The coherence check is a measurement of structure and organization in a model's output. A higher score indicates that the output is well-structured and organized, and a lower score indicates the opposite.
Consistency
Names: consistency
, consistency_summary
.
The consistency check is a measurement of factual accuracy between the model output and the scenario input. This is useful in summarization tasks, where the model's input is a target document and the model's output is a summary of the target document.
Relevance
Names: relevance
, relevance_summary
.
The relevance check is a measure of summarization quality that rewards highly relevant information and penalizes redundancies or irrelevant information.
Code Generation Checks
These checks evaluate an agent that is generating code that compiles/executes.
Is Code Functional
Name: is_code_functional
A pass/fail check on the model's generated output compared to a list of messages provided in the model input. Assumes the output contains generated code and the input contains a list of messages describing the desired code or modification to a given code snippet. Output is 1 if the code is functional, meaning that the code contains no logical errors, undefined variables/functions, or incomplete statements. Otherwise, output is 0.
Classification Checks
These checks allow you to evaluate agents that are attempting to categories/classify input messages.
Is Best Option
Name: is_best_option
A pass/fail check on the model's generated output compared to a list of messages provided in the model input. Assumes the list of messages contains a list of options (e.g., labels, actions, agents, etc.) to choose from. Output is 1 if the model output contains the best option from the list. Otherwise, output is 0.
Data Quality Checks
These checks are useful in improving the quality synthetic data generation.
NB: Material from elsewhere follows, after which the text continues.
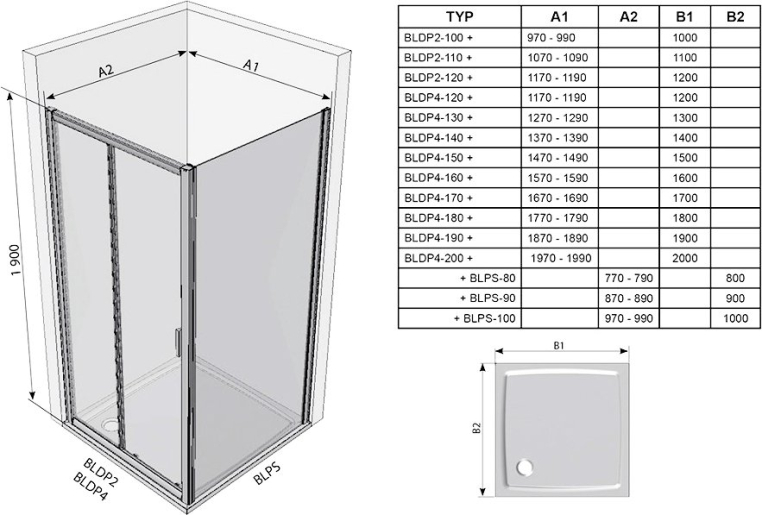 Изделие состоит из одной неподвижной части и одной подвижной, образующей двери. Устанавливается в облицованный кафелем угол ванной комнаты (идеально для облицованной ниши или для комбинации с неподвижной стенкой BLPS) на поддоны RAVAK PERSEUS, PERSEUS PRO, PERSEUS PRO FLAT, PERSEUS PRO CHROME, GIGANT PRO, GIGANT PRO FLAT, GIGANT PRO CHROME или непосредственно на пол со встроенным душевым каналом или трапом. Комбинация с двумя неподвижными стенками типа BLPS позволяет создать „П“-образный душевой уголок. Регулирующий профиль BLNPS позволяет расширить изделие на 20 мм. Возможно изготовление атипичных душевых дверей.
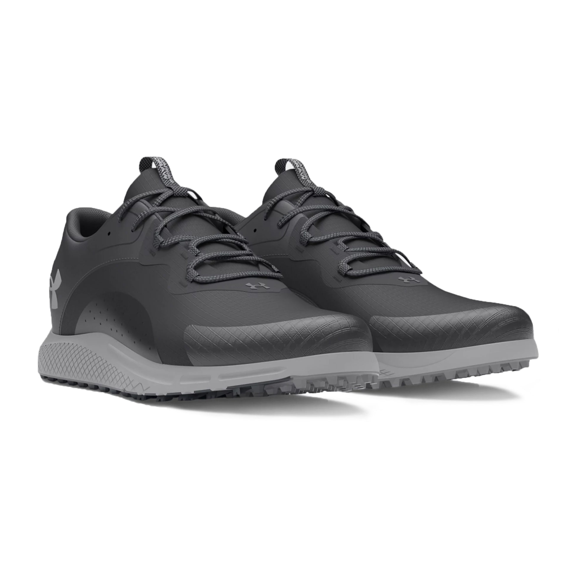 The spikeless shoes that keep your feet comfortable to keep you focused. The ripstop upper is light but durable, the Charged Cushioning® absorbs impact, and the Never-Wet treatment keeps you dry.

See Data Quality Checks for more details.
Reverse QA Quality
Name: reverse_qa_quality
A measurement of the quality of a generated question in the model_output with respect to the context contained in the scenario_input. Used primarily with Okareo's reverse question data generators. Ranges from 1 to 5.
Rephrase Quality
Name: rephrase_quality
A measurement of the quality of a rephrased text in the model_output with respect to a source text contained in the scenario_input. Used primarily with Okareo's rephrase data generators. Ranges from 1 to 5.